++++ Recorded information

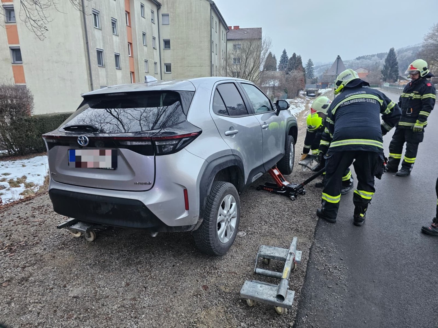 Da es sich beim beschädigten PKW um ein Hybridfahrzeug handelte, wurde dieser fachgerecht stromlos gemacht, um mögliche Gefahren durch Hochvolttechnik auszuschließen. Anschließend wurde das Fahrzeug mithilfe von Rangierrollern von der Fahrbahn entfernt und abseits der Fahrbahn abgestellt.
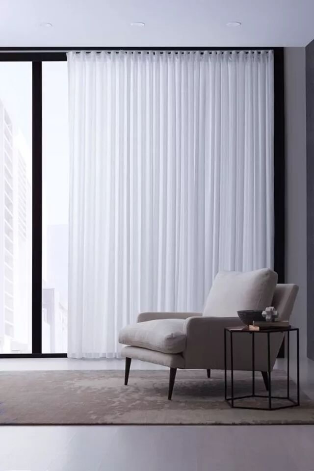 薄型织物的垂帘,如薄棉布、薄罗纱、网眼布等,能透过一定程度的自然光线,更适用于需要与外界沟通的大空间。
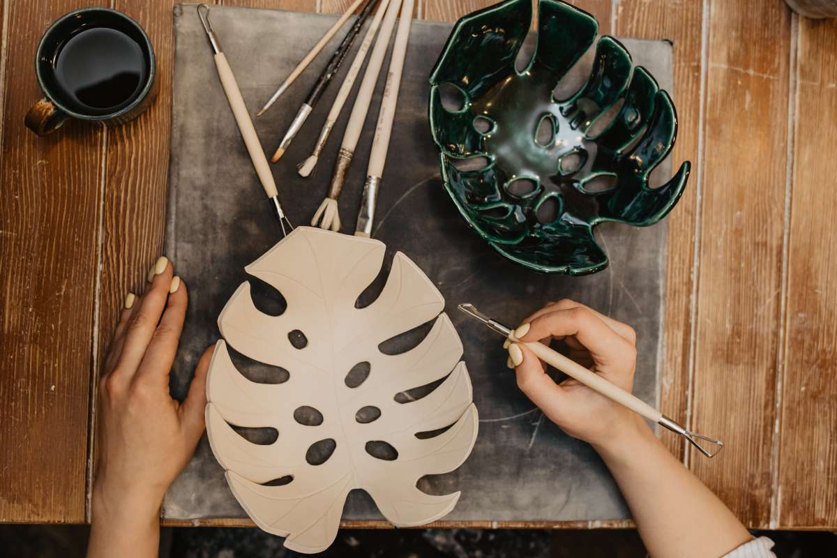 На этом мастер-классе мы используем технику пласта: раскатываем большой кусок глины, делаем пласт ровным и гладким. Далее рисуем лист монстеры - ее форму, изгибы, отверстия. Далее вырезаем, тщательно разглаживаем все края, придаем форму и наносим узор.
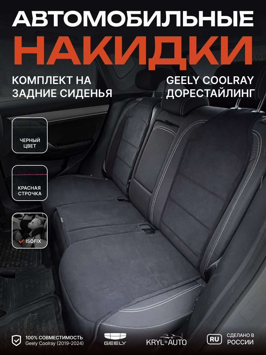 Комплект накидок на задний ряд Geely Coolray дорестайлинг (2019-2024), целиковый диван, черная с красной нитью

++++++++

For the material above, give every line again exactly and leave out the pictures.

 Da es sich beim beschädigten PKW um ein Hybridfahrzeug handelte, wurde dieser fachgerecht stromlos gemacht, um mögliche Gefahren durch Hochvolttechnik auszuschließen. Anschließend wurde das Fahrzeug mithilfe von Rangierrollern von der Fahrbahn entfernt und abseits der Fahrbahn abgestellt.
 薄型织物的垂帘,如薄棉布、薄罗纱、网眼布等,能透过一定程度的自然光线,更适用于需要与外界沟通的大空间。
 На этом мастер-классе мы используем технику пласта: раскатываем большой кусок глины, делаем пласт ровным и гладким. Далее рисуем лист монстеры - ее форму, изгибы, отверстия. Далее вырезаем, тщательно разглаживаем все края, придаем форму и наносим узор.
 Комплект накидок на задний ряд Geely Coolray дорестайлинг (2019-2024), целиковый диван, черная с красной нитью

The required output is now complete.